* [EXERCISE DETAILS] Below are records that should be duplicated exactly, with no image retained.

*** Opening INFORMATION SHOWN ***

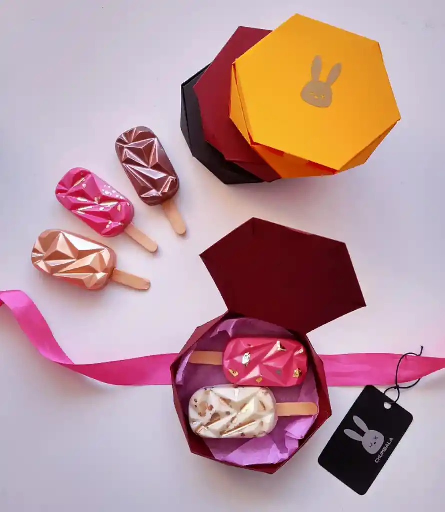 box con 2 cake slice rellenos de brownie melcochudo, cubiertos con chocolate negro y blanco. Incluye tarjeta de mensaje.
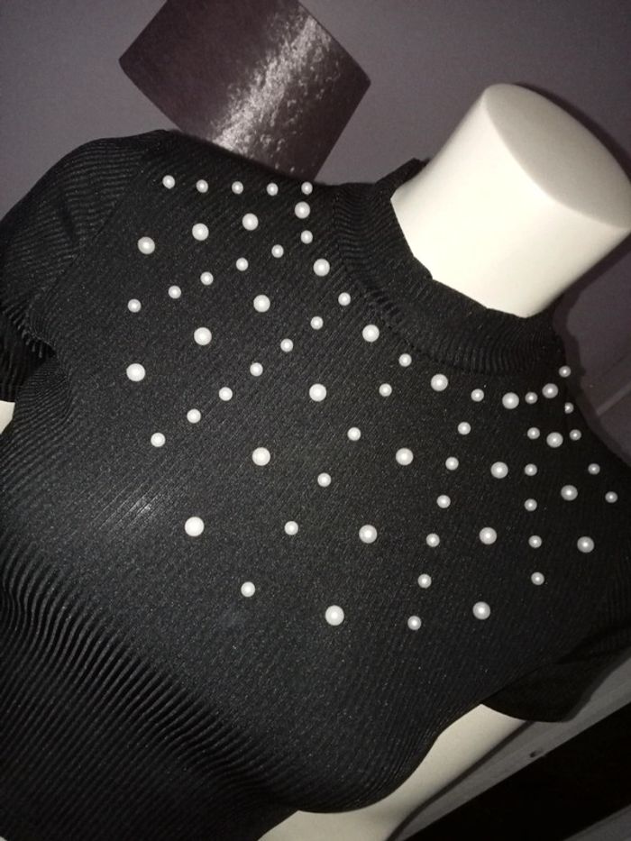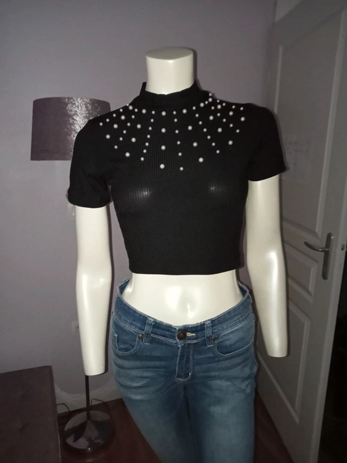 Crop top côtelé col montant en lycra noir a perles neuf by Jennyfer taille S - photo numéro 1
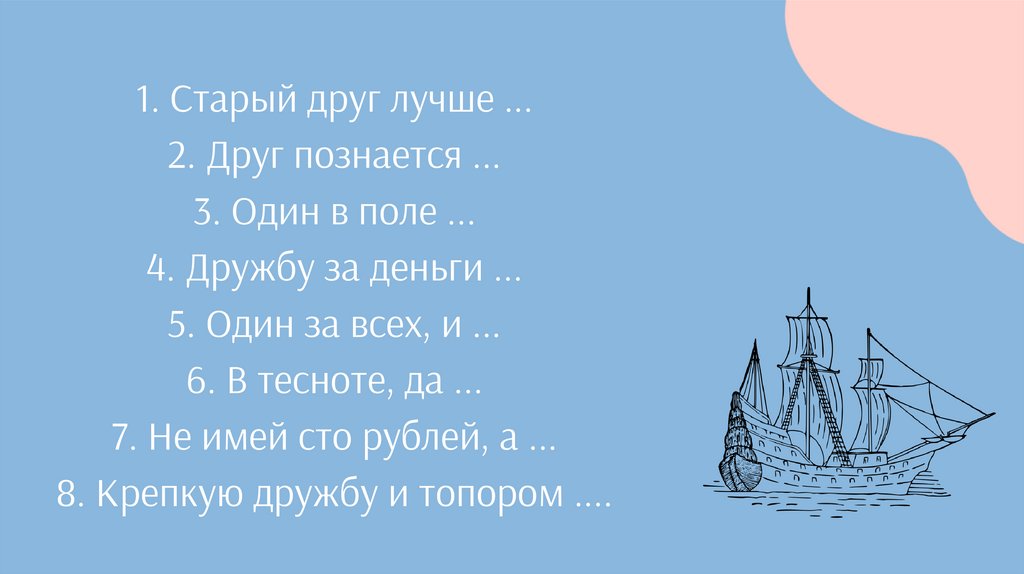 1. Старый друг лучше новых двух.2. Друг познается в беде.
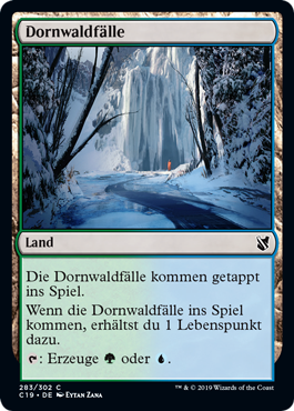 | Rules | Thornwood Falls enters the battlefield tapped. When Thornwood Falls enters the battlefield, you gain 1 life. : Add or . |
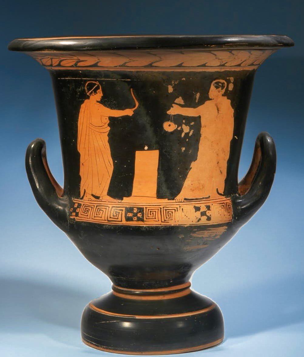 The Chequer Painter and his follower the Dirce Painter are considered to be the chief forerunners of both early Campanian and Paestan vase painting.The output and quality of the Greek colonial potters working in Southern Italy increased greatly following the Peloponnesian War when Attic exports fell off sharply. South Italian Colonial Greek craftsmanship of the 4th century BC was an amalgamation of the Ionian (Athenian, Attic) conventions, and Doric (western colonial Greek) styles, with a noticeable native Italian aesthetic. The five predominant regional schools of South Italian pottery were: Apulian, Sicilian, Lucanian, Paestan, and Campanian.
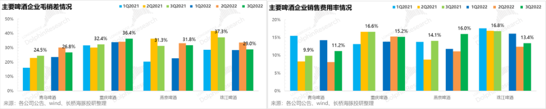 从这几家公司的情况来看,虽然三季度每家公司虽仍有吨价提升对毛利率的正面影响,但之前包材等原材料价格上行,近期下行之后各家公司都有采购周期的影响,他们三季度毛利率反而还是在变差状态(珠江啤酒受到会计准则变更影响,毛利率不作比较,其他A股公司已经调整过运费影响),除了燕京这种小体量公司之外,大龙头当中只有青啤的毛利率表现相对平稳,没有特别下滑。
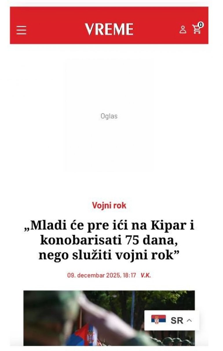 BOLESNA, AUTOŠOVINISTIČKA I ANTIDRŽAVNA KAMPANJA "VREMENA": Dok cela Evropa uvodi vojni rok, oni šalju mlade na Kipar
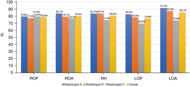 Results: There were included 67 patients, being 37 (55%) males, with a mean age of 64 years. The accuracy of radiological identification of complete fissures ranged from 76.8% for left posterior oblique fissure to 85.1% for left anterior oblique fissure, with the best performance achieved by the most experienced radiologist. The concordance of the radiological evaluation for fissure integrity compared to the surgical assessment (k) was 0.53-0.68. Intra-observer agreement ranged from 0.74 to 0.87.
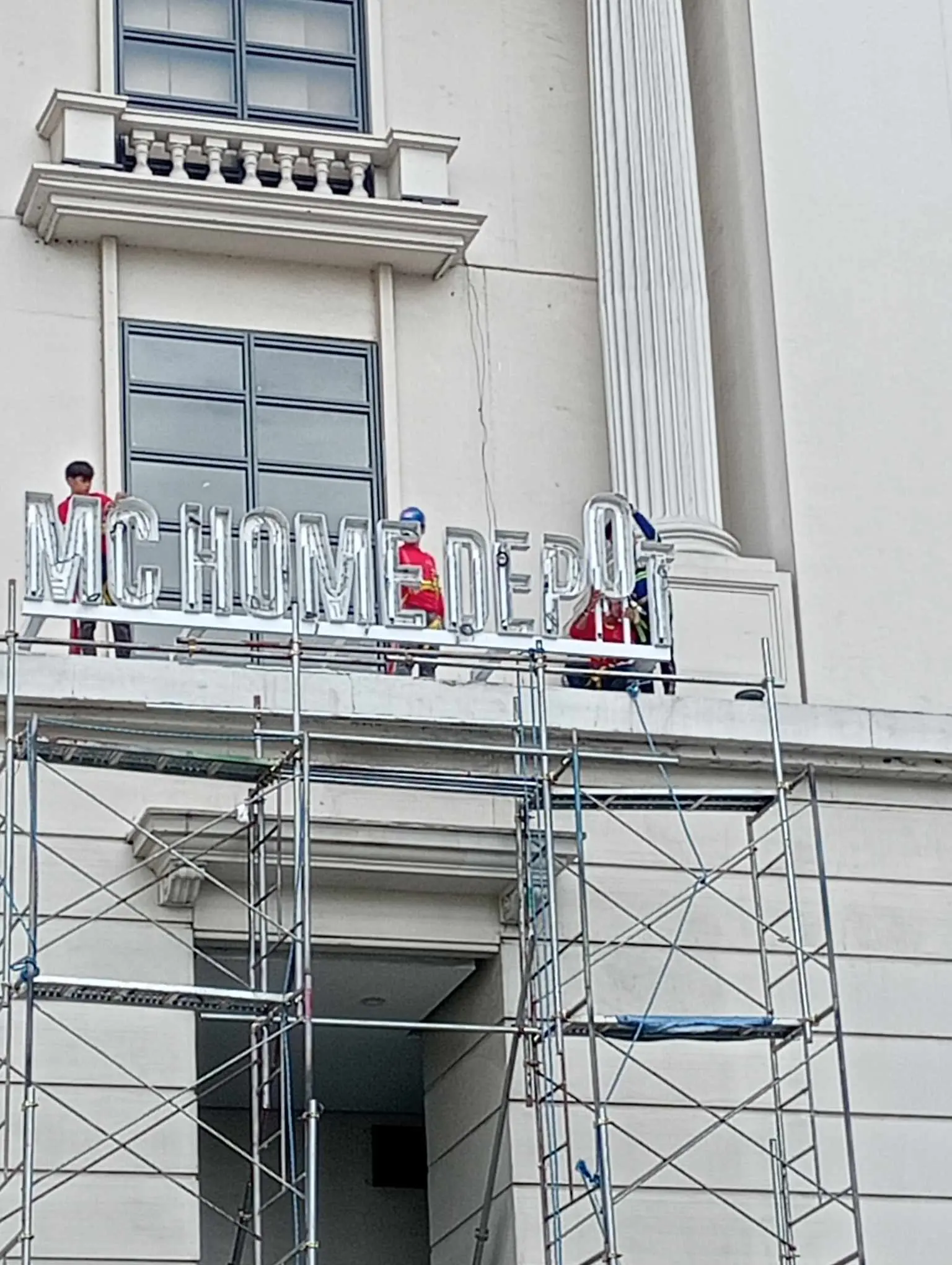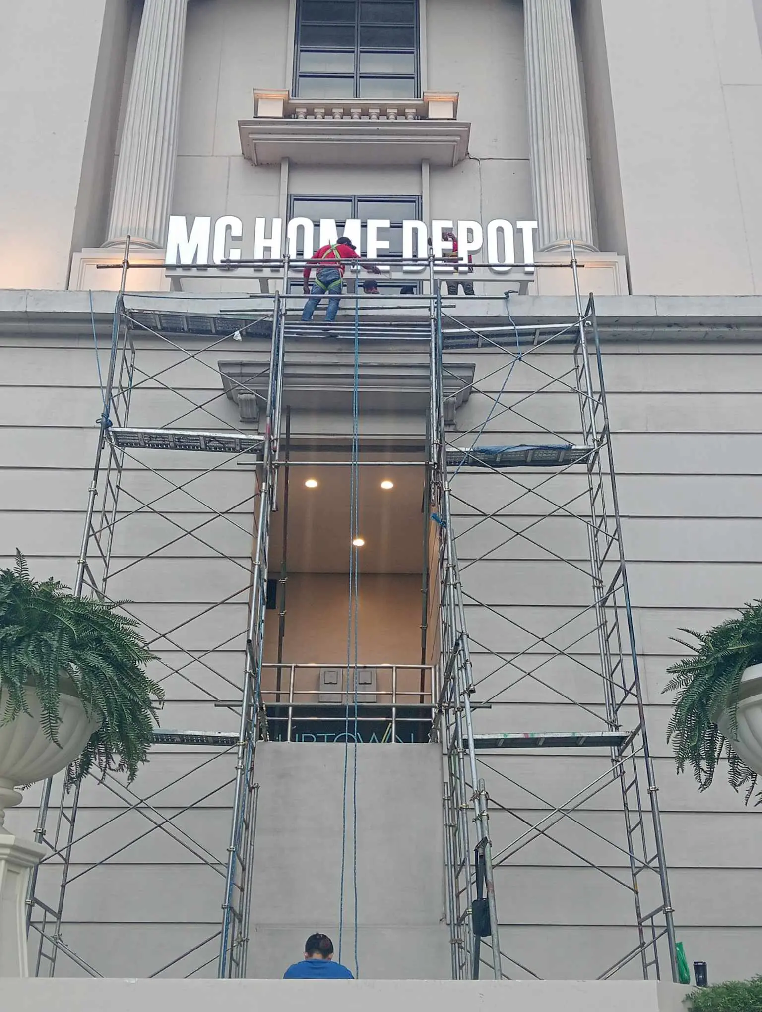 Main SquareOutdoor directional building signage for Main Square Filinvest in Makati, green sign with exit arrow by M&G Global Ads.Filinvest pylon signage maintenance at mall entrance in Ortigas by M&G Global Ads, with workers on scaffold and cars in background.Outdoor billboard signage installation at a white building site in Quezon City under construction, by M&G Global Ads.TotemLED billboard installation for commercial client in Makati, workers on scaffolding at night, by M&G Global Ads.LED indoor wall signage for PEDIATRICA UNILAB in Ortigas, glowing blue and white by M&G Global Ads.Illuminated PEDIATRICA clinic signage for UNI in Makati, glass entrance, reception desk, modern seating by M&G Global Ads.Creative indoor smart city signage for offices in Makati: cityscape, tech icons, vivid circles on white wall by M&G Global Ads.Outdoor archway signage for Philippine Ports Authority at Port of Lamao in Makati, construction visible, cloudy sky, by M&G Global Ads.Vertical building signage for 6 SAMPALOC, bold white letters, wires visible, cloudy sky in Ortigas by M&G Global Ads.Building signage for Philippine Ports Authority at Port of Lamao in Pasig, blue and white, under construction by M&G Global Ads.Acrylic building signage for CurioCity, 6 SAMPALOC design in Mandaluyong. Power lines and truck, overcast sky. by M&G Global Ads.Metallic building signage installation for MC HOME DEPOT in Quezon City by M&G Global Ads, workers on scaffolding visible.MC Home Depot stainless steel signage installation on building exterior in Pasig, with workers and plants, by M&G Global Ads.Outdoor building signage installation on a classical white building in Makati with workers on scaffolding by M&G Global Ads.MC HOME DEPOT outdoor acrylic signage installation on neoclassical building facade in Ortigas by M&G Global Ads.MC HOME DEPOT acrylic building signage installation in Mandaluyong, workers on scaffolding, sign missing last letter by M&G Global Ads.LED building signage installation on top of a tall gray building in Ortigas under construction by M&G Global Ads.MAAGAP Insurance, Inc. acrylic indoor signage in reception area, Makati office installation by M&G Global Ads.
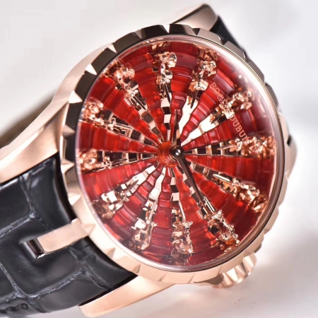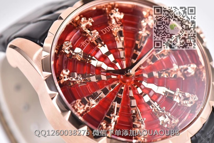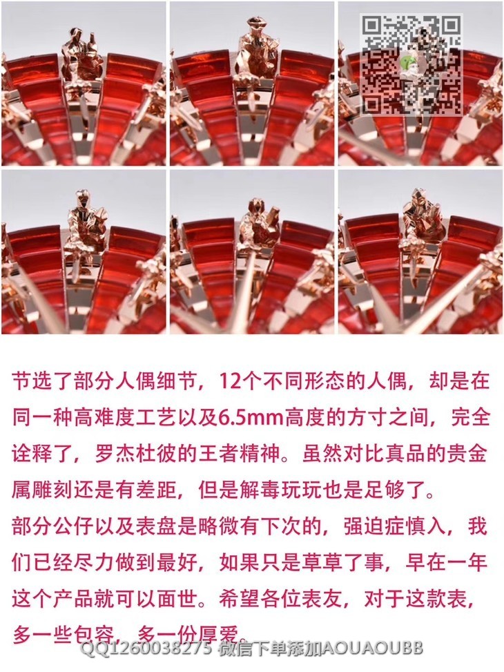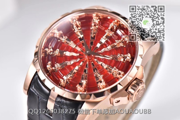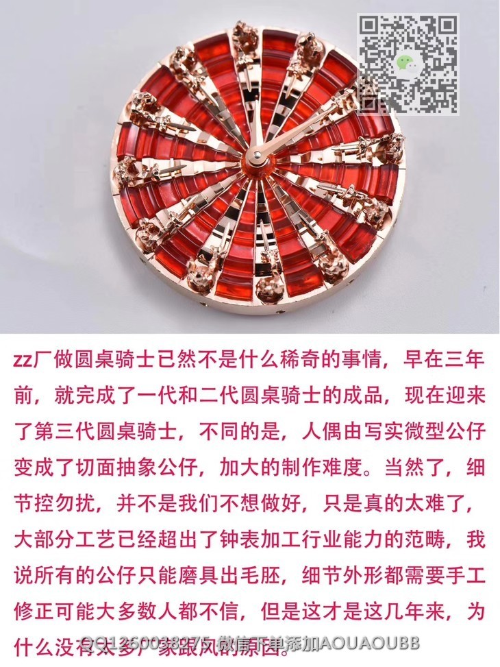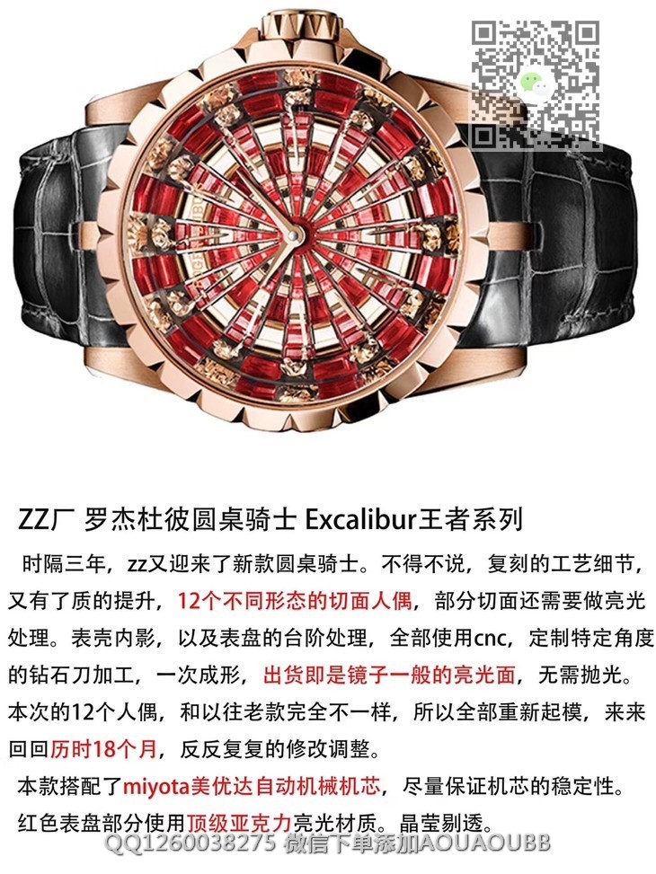 【产品介绍】ZZ厂罗杰杜彼圆桌骑士 Excalibur王者系列时隔三年,zz又迎来了新款圆桌骑士。不得不说,复刻的工艺细节,又有了质的提升,12个不同形态的切面人偶,部分切面还需要做亮光处理。表壳内影,以及表盘的台阶处理,全部使用cnc,定制特定角度的钻石刀加工,一次成形,出货即是镜子一般的亮光面,无需抛光本次的12个人偶,和以往老款完全不一样,所以全部重新起模,来来回回历时18个月,反反复复的修改调整。本款搭配了 miyota美优达自动机械机芯,尽量保证机芯的稳定性红色表盘部分使用顶级亚克力亮光材质。晶莹剔透。
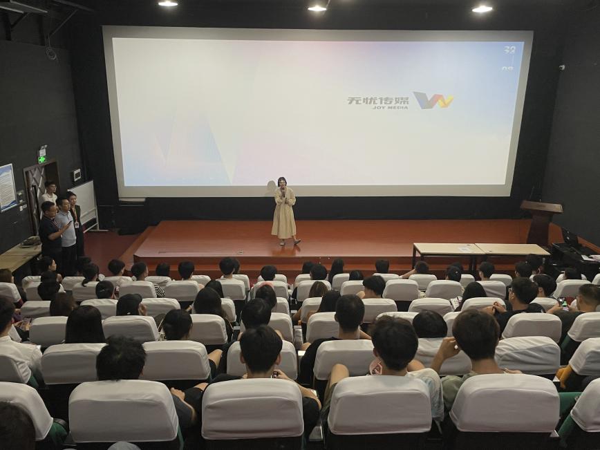 在宣讲会上,无忧传媒集团副总裁助理熊贝贝介绍了无忧传媒公司的基本概况。该公司是成立于2016年的专业互联网型经纪公司。公司采取北京+杭州双总部模式,在上海、成都、广州、长沙、武汉、海南、重庆、青岛、哈尔滨、昆明等地设立分公司或办事处。截至目前,公司签约人数超10万人,全约优质艺人超5000人,拥有众多达人主播、明星名人和全网现象级红人。公司通过“人的IP”、“内容IP”、“商品IP”三大业务基石打造一站式新媒体多维整合营销服务的战略发展计划。

*** Closing INFORMATION SHOWN ***

* [TASK SOLUTION]
 box con 2 cake slice rellenos de brownie melcochudo, cubiertos con chocolate negro y blanco. Incluye tarjeta de mensaje.
 Crop top côtelé col montant en lycra noir a perles neuf by Jennyfer taille S - photo numéro 1
 1. Старый друг лучше новых двух.2. Друг познается в беде.
 | Rules | Thornwood Falls enters the battlefield tapped. When Thornwood Falls enters the battlefield, you gain 1 life. : Add or . |
 The Chequer Painter and his follower the Dirce Painter are considered to be the chief forerunners of both early Campanian and Paestan vase painting.The output and quality of the Greek colonial potters working in Southern Italy increased greatly following the Peloponnesian War when Attic exports fell off sharply. South Italian Colonial Greek craftsmanship of the 4th century BC was an amalgamation of the Ionian (Athenian, Attic) conventions, and Doric (western colonial Greek) styles, with a noticeable native Italian aesthetic. The five predominant regional schools of South Italian pottery were: Apulian, Sicilian, Lucanian, Paestan, and Campanian.
 从这几家公司的情况来看,虽然三季度每家公司虽仍有吨价提升对毛利率的正面影响,但之前包材等原材料价格上行,近期下行之后各家公司都有采购周期的影响,他们三季度毛利率反而还是在变差状态(珠江啤酒受到会计准则变更影响,毛利率不作比较,其他A股公司已经调整过运费影响),除了燕京这种小体量公司之外,大龙头当中只有青啤的毛利率表现相对平稳,没有特别下滑。
 BOLESNA, AUTOŠOVINISTIČKA I ANTIDRŽAVNA KAMPANJA "VREMENA": Dok cela Evropa uvodi vojni rok, oni šalju mlade na Kipar
 Results: There were included 67 patients, being 37 (55%) males, with a mean age of 64 years. The accuracy of radiological identification of complete fissures ranged from 76.8% for left posterior oblique fissure to 85.1% for left anterior oblique fissure, with the best performance achieved by the most experienced radiologist. The concordance of the radiological evaluation for fissure integrity compared to the surgical assessment (k) was 0.53-0.68. Intra-observer agreement ranged from 0.74 to 0.87.
 Main SquareOutdoor directional building signage for Main Square Filinvest in Makati, green sign with exit arrow by M&G Global Ads.Filinvest pylon signage maintenance at mall entrance in Ortigas by M&G Global Ads, with workers on scaffold and cars in background.Outdoor billboard signage installation at a white building site in Quezon City under construction, by M&G Global Ads.TotemLED billboard installation for commercial client in Makati, workers on scaffolding at night, by M&G Global Ads.LED indoor wall signage for PEDIATRICA UNILAB in Ortigas, glowing blue and white by M&G Global Ads.Illuminated PEDIATRICA clinic signage for UNI in Makati, glass entrance, reception desk, modern seating by M&G Global Ads.Creative indoor smart city signage for offices in Makati: cityscape, tech icons, vivid circles on white wall by M&G Global Ads.Outdoor archway signage for Philippine Ports Authority at Port of Lamao in Makati, construction visible, cloudy sky, by M&G Global Ads.Vertical building signage for 6 SAMPALOC, bold white letters, wires visible, cloudy sky in Ortigas by M&G Global Ads.Building signage for Philippine Ports Authority at Port of Lamao in Pasig, blue and white, under construction by M&G Global Ads.Acrylic building signage for CurioCity, 6 SAMPALOC design in Mandaluyong. Power lines and truck, overcast sky. by M&G Global Ads.Metallic building signage installation for MC HOME DEPOT in Quezon City by M&G Global Ads, workers on scaffolding visible.MC Home Depot stainless steel signage installation on building exterior in Pasig, with workers and plants, by M&G Global Ads.Outdoor building signage installation on a classical white building in Makati with workers on scaffolding by M&G Global Ads.MC HOME DEPOT outdoor acrylic signage installation on neoclassical building facade in Ortigas by M&G Global Ads.MC HOME DEPOT acrylic building signage installation in Mandaluyong, workers on scaffolding, sign missing last letter by M&G Global Ads.LED building signage installation on top of a tall gray building in Ortigas under construction by M&G Global Ads.MAAGAP Insurance, Inc. acrylic indoor signage in reception area, Makati office installation by M&G Global Ads.
 【产品介绍】ZZ厂罗杰杜彼圆桌骑士 Excalibur王者系列时隔三年,zz又迎来了新款圆桌骑士。不得不说,复刻的工艺细节,又有了质的提升,12个不同形态的切面人偶,部分切面还需要做亮光处理。表壳内影,以及表盘的台阶处理,全部使用cnc,定制特定角度的钻石刀加工,一次成形,出货即是镜子一般的亮光面,无需抛光本次的12个人偶,和以往老款完全不一样,所以全部重新起模,来来回回历时18个月,反反复复的修改调整。本款搭配了 miyota美优达自动机械机芯,尽量保证机芯的稳定性红色表盘部分使用顶级亚克力亮光材质。晶莹剔透。
 在宣讲会上,无忧传媒集团副总裁助理熊贝贝介绍了无忧传媒公司的基本概况。该公司是成立于2016年的专业互联网型经纪公司。公司采取北京+杭州双总部模式,在上海、成都、广州、长沙、武汉、海南、重庆、青岛、哈尔滨、昆明等地设立分公司或办事处。截至目前,公司签约人数超10万人,全约优质艺人超5000人,拥有众多达人主播、明星名人和全网现象级红人。公司通过“人的IP”、“内容IP”、“商品IP”三大业务基石打造一站式新媒体多维整合营销服务的战略发展计划。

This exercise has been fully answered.